## Material provided
■ ■ ■ ■ ■

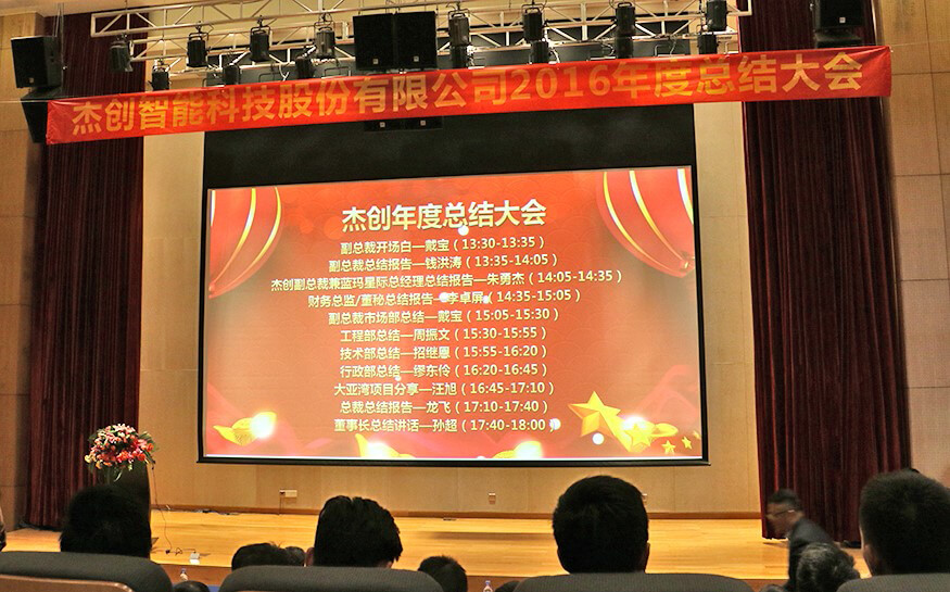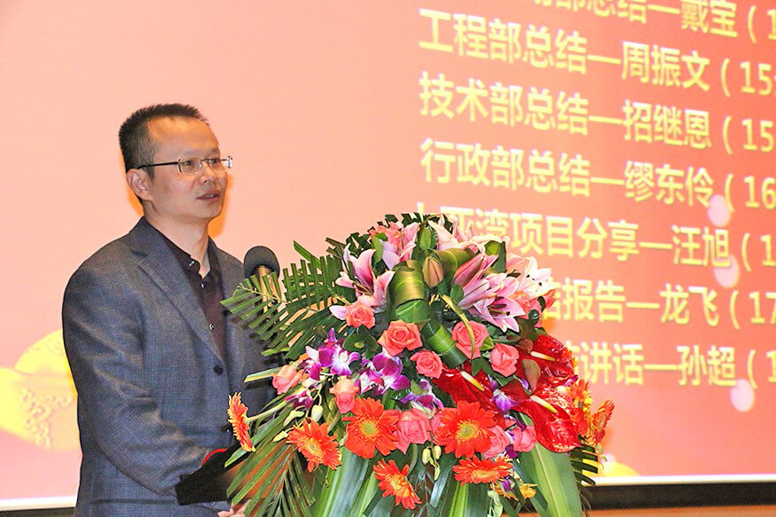 总结大会上,在公司副总裁戴宝先生激情洋溢的开场白后,副总裁钱洪涛先生、365英国上市智能董事兼蓝玛星际总经理朱勇杰先生、财务总监兼董秘李卓屏女士、副总裁戴宝先生、工程部总监周振文先生、技术部总监招继恩先生、行政部总监缪东伶女士、工程部副总监汪旭先生、总裁龙飞先生先后登台,分别做了2016年度工作总结。
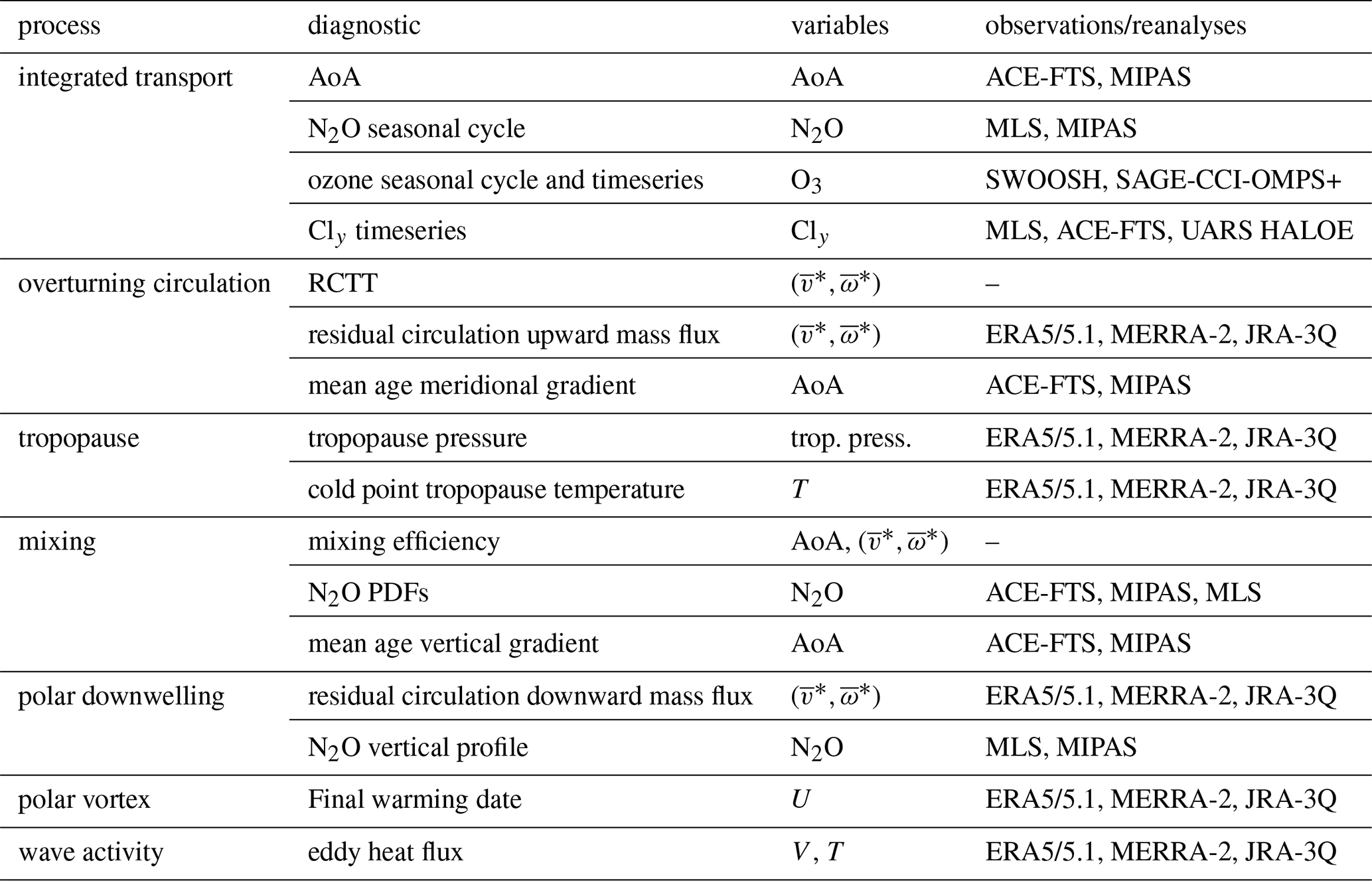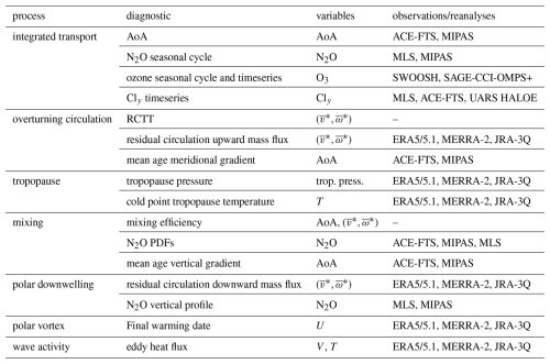The selected diagnostics encompass the main transport processes (advection and mixing), along with relevant dynamical features, integrated transport measures, and stratospheric ozone. We focus on the mean climatology, including the seasonal cycle, and also analyze past trends in a subset of diagnostics. Section 2 presents the observational and model datasets and describes the diagnostics. Section 3 addresses the climatology of transport diagnostics, Sect. 4 discusses the long-term trends over the last two decades of the 20th century, and Sect. 5 summarizes the main conclusions.
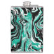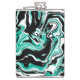 Turquoise, Black and White Marble Fluid Art Hip Flask
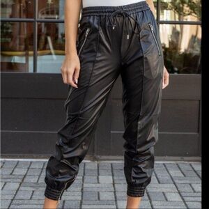 Blank NYC Running Wild Vegan Faux Leather Joggers Size 26 Slouchy Track Pants Grunge Loungewear Rocker Edgy Whimsigoth Weekend Casual Travel
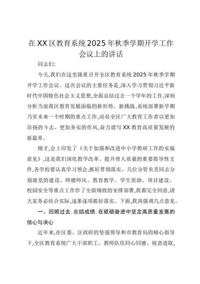 【七哥公文】2025年:在XX区教育系统2025年秋季学期开学工作会议上的讲话(1)+更多免费公文+VX:QiGeGongWen2024
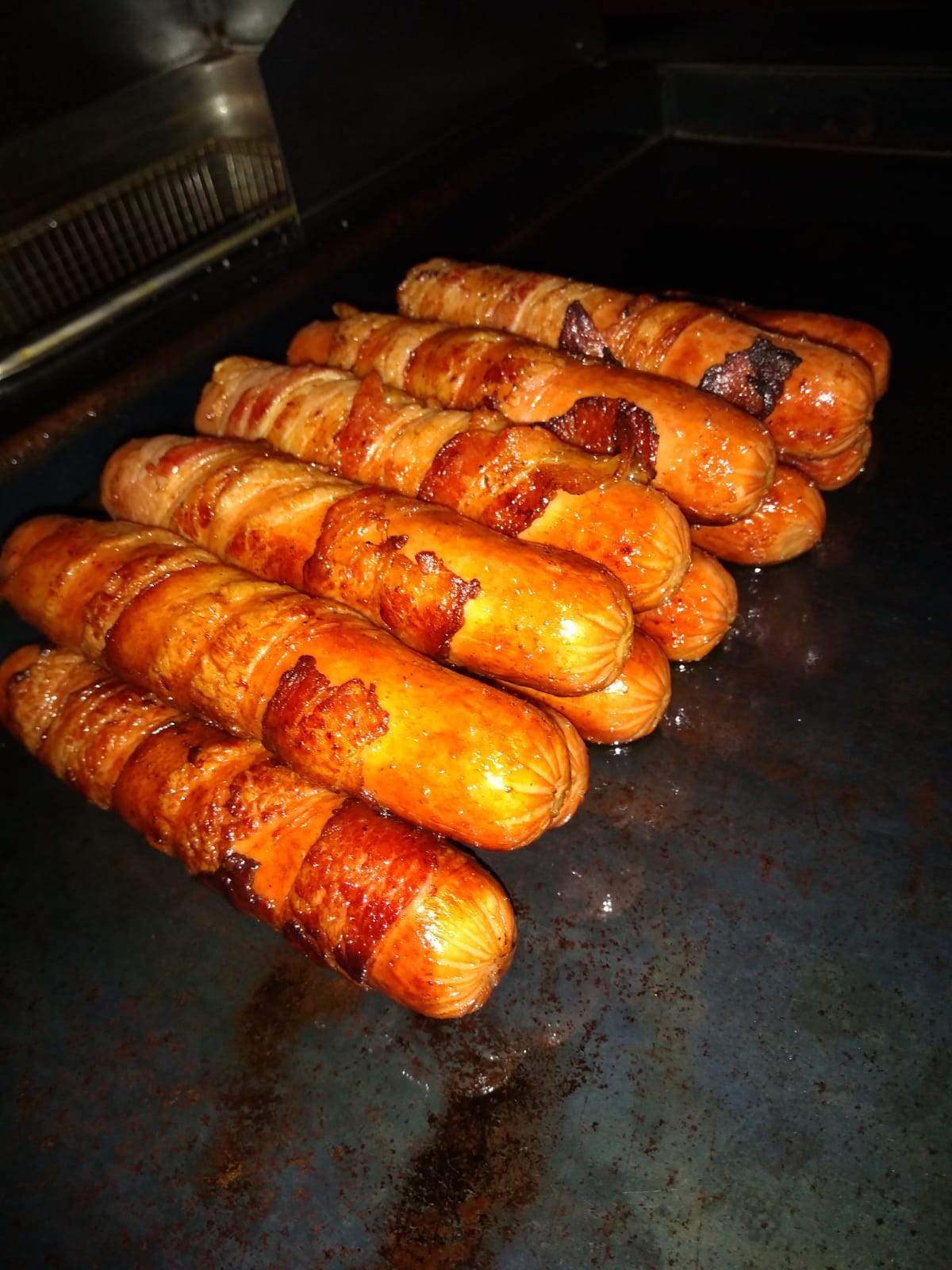Dos salchichas envueltas en tocino picados, mayonesa, mostaza, cátsup, tomate, cebolla cruda y asada.

■ ■ ■ ■ ■

Go through the data above and transcribe it in full, omitting any image.

 总结大会上,在公司副总裁戴宝先生激情洋溢的开场白后,副总裁钱洪涛先生、365英国上市智能董事兼蓝玛星际总经理朱勇杰先生、财务总监兼董秘李卓屏女士、副总裁戴宝先生、工程部总监周振文先生、技术部总监招继恩先生、行政部总监缪东伶女士、工程部副总监汪旭先生、总裁龙飞先生先后登台,分别做了2016年度工作总结。
The selected diagnostics encompass the main transport processes (advection and mixing), along with relevant dynamical features, integrated transport measures, and stratospheric ozone. We focus on the mean climatology, including the seasonal cycle, and also analyze past trends in a subset of diagnostics. Section 2 presents the observational and model datasets and describes the diagnostics. Section 3 addresses the climatology of transport diagnostics, Sect. 4 discusses the long-term trends over the last two decades of the 20th century, and Sect. 5 summarizes the main conclusions.
 Turquoise, Black and White Marble Fluid Art Hip Flask
 Blank NYC Running Wild Vegan Faux Leather Joggers Size 26 Slouchy Track Pants Grunge Loungewear Rocker Edgy Whimsigoth Weekend Casual Travel
 【七哥公文】2025年:在XX区教育系统2025年秋季学期开学工作会议上的讲话(1)+更多免费公文+VX:QiGeGongWen2024
Dos salchichas envueltas en tocino picados, mayonesa, mostaza, cátsup, tomate, cebolla cruda y asada.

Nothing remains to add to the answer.